When Millington was playing for the Edmonton Eskimos, he rushed for 225 yards on 29 carries in a game against the visiting Saskatchewan Roughriders on October 30, 1999.  He was at that time the most recent Canadian fullback to rush over 200 yards in a game, until Jesse Lumsden was able to rush for 211 yards against the Winnipeg Blue Bombers on August 3, 2007.

However, most of Millington's accomplishments were with the B.C. Lions - who he played with the most in those 12 years (1991–97, 2000–02). He was known in the league as the "Diesel."  With the Lions organization, Millington was a two-time Grey Cup champion and was named the Grey Cup's Most Valuable Canadian in the 88th Grey Cup game in 2000.  In that same year, Millington rushed for 1010 yards on 156 carries and ran for 6 touchdowns, while sharing the backfield duties with import Robert Drummond. He was only the 5th Canadian to accomplish this milestone.

In his other accomplishments with the Lions, Millington was named CFL West Division All-Star - five times; CFL All-Star - three times; CFL Most Outstanding Canadian Player in the West Division - three times; CFL's Most Outstanding Canadian Award - two times; and was named as BC Lions's nominee for the league's Most Outstanding Canadian - four times, before his retirement.

After retirement
After his retirement, Millington joined the CFL on CBC in 2003 as part of the broadcast panel during pre-game and half-time shows.  As part of the panel, Millington was known not to pull punches and tell things as they are, which created some interesting dialogue with former CFLer Greg Frers, with former teammate Darren Flutie and with his former GM Eric Tillman.

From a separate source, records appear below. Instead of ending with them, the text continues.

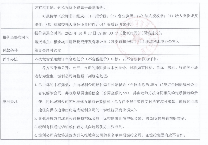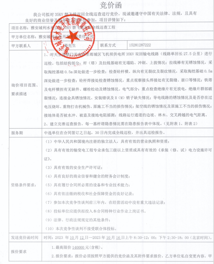 雅安城利水電公司35KV禁飛線雙回全線巡查工程競價公告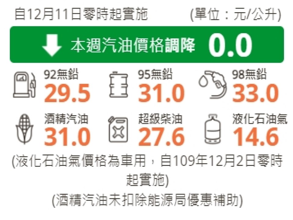台灣中油公司明天(11日)凌晨零時起汽油價格不調整、柴油價格調漲0.6元,參考零售價格分別為92無鉛汽油每公升29.5元、95無鉛汽油每公升31.0元、98無鉛汽油每公升33.0元、超級柴油每公升27.6元。本週因雙重平穩機制啟動,汽、柴油各吸收0.3元及0.9元。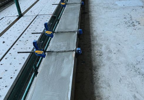 Custom form construction for repair sections using reusable molds. Matches existing patterns and profiles while maintaining structural connections. Ideal for stair repairs, edge restoration, and architectural concrete matching.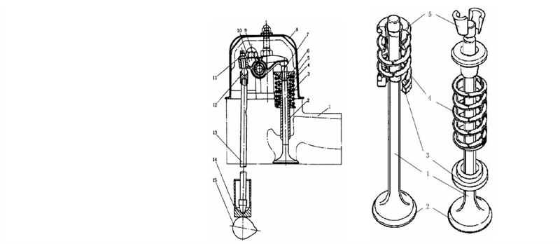 配氣機構組成:由配氣凸輪軸、挺柱、推桿、搖臂、搖臂座、氣門、氣門彈簧及其附件組成。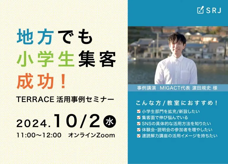 この度、 『地方でも小学生集客成功!TERRACE活用事例セミナー』を開催する運びとなりました。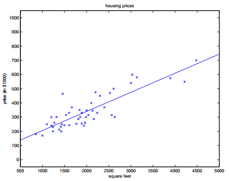 从最简单的两个变量开始(房价与面积之间的函数建模)。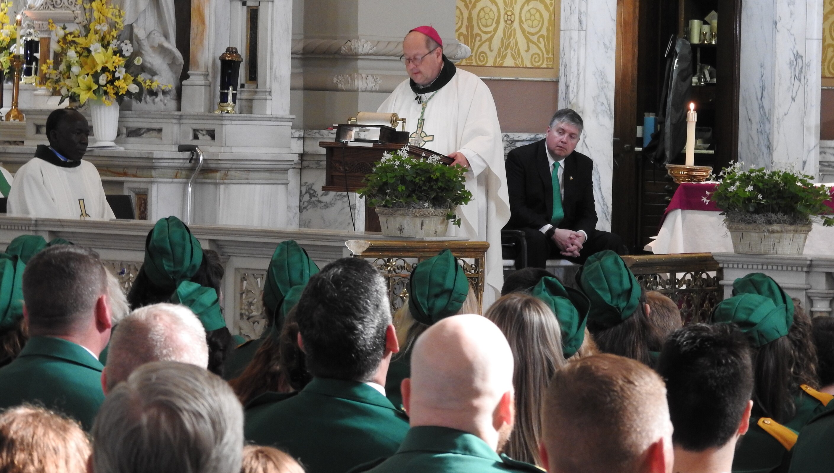 Patrick returned to Ireland – the land where he had been a slave – and became one of the world’s greatest evangelizers, the bishop said. “His desire to go back to Ireland and the willingness to suffer opposition, threats of violence and even jealousy from other bishops resulted in forming the Irish faith in Christ that is so evident here in this church today. With God’s help, he was able to convert the pagans from their Celtic gods to faith in Jesus Christ by his solid preaching and his virtuous way of life,” he added.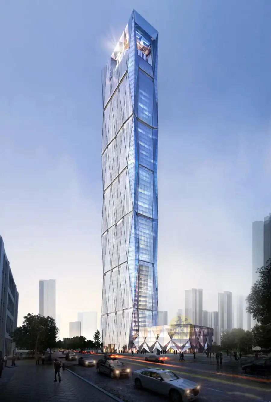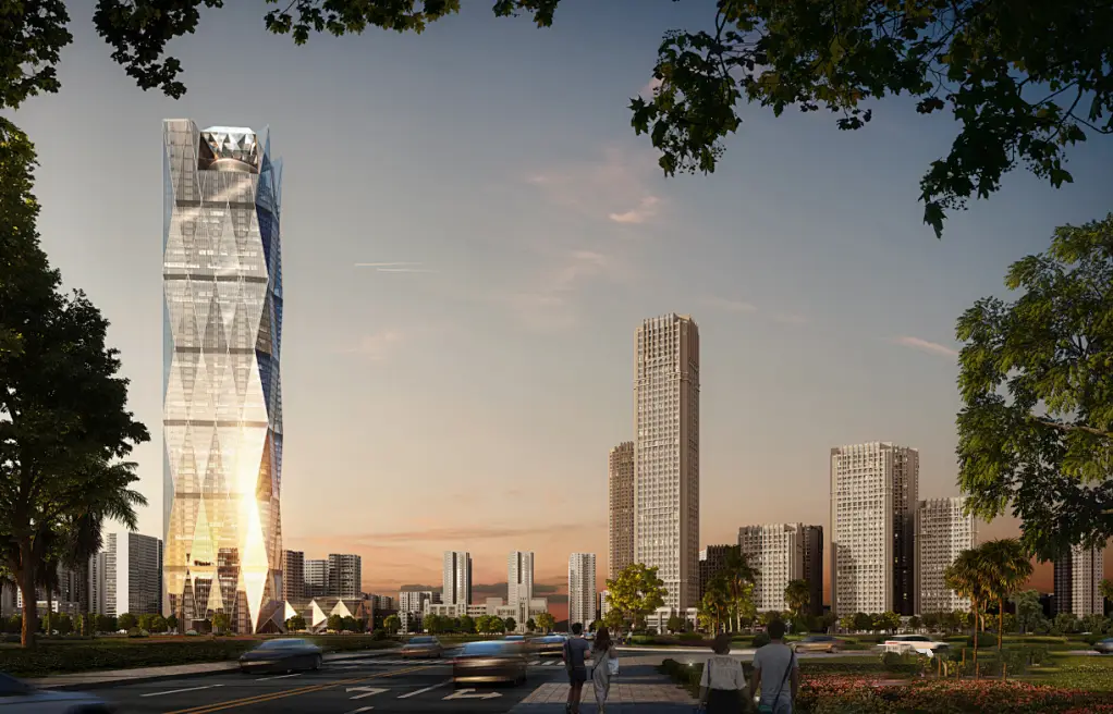 主塔楼以钻石切面为建筑设计主题,设计元素贯穿从塔楼形体到裙房表皮的整个建筑形态,因此被称为“钻石大厦”。

However, after the 92nd Grey Cup game in 2004, Millington decided to resurrect his football career.

Returning to football
After two years without football, Millington came out of retirement to play another year for the Toronto Argonauts in 2005. The Argonauts had a need for Millington's services, because in his 12-year career he proved he could run and block with power. With John Avery's slashing style and Millington's power game, the Argos had a solid duo in the backfield. And when Avery suffered a slight hamstring tear in the Argos' 35-32 win over the Winnipeg Blue Bombers on October 16, the signing of Millington paid immediate dividends. However, on October 22, Millington suffered a ruptured Achilles heel in his right foot in the second quarter of their game against the Montreal Alouettes, which ended his football career, weeks before the CFL playoffs.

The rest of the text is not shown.